- DATA PROVIDED:
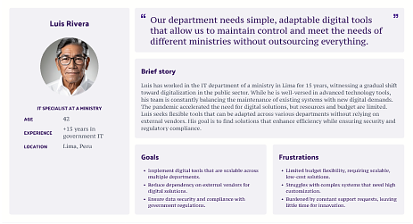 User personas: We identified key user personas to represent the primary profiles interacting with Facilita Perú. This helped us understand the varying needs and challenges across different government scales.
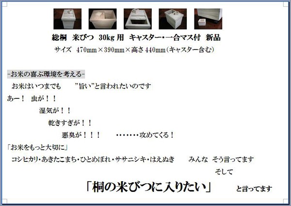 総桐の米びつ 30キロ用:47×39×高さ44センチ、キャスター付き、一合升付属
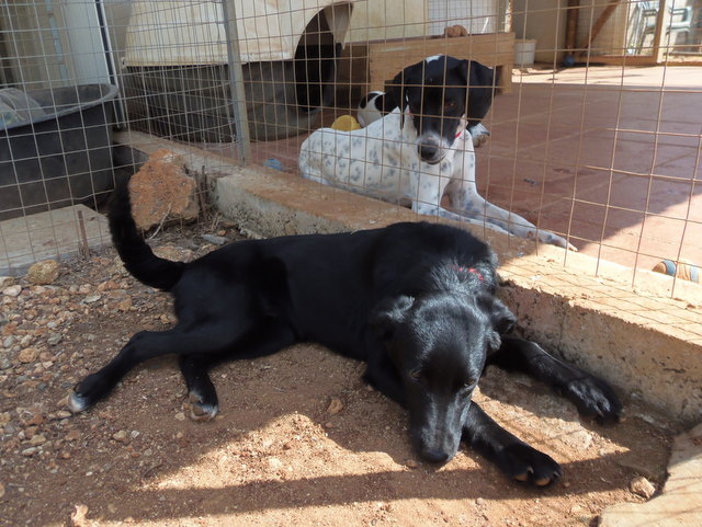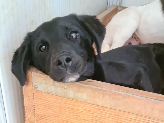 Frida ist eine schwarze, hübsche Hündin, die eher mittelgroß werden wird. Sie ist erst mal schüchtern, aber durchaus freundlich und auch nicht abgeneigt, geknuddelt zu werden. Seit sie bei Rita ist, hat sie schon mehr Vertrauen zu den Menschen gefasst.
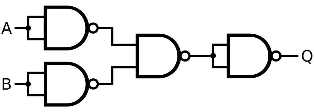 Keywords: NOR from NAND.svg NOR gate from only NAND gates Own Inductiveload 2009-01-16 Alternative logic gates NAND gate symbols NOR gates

- EXERCISE: Everything from the opening line of the data through the line with "総桐の米びつ 30キロ用:4" should be repeated exactly; leave the pictures out.

- TASK RESPONSE:
 User personas: We identified key user personas to represent the primary profiles interacting with Facilita Perú. This helped us understand the varying needs and challenges across different government scales.
 総桐の米びつ 30キロ用:47×39×高さ44センチ、キャスター付き、一合升付属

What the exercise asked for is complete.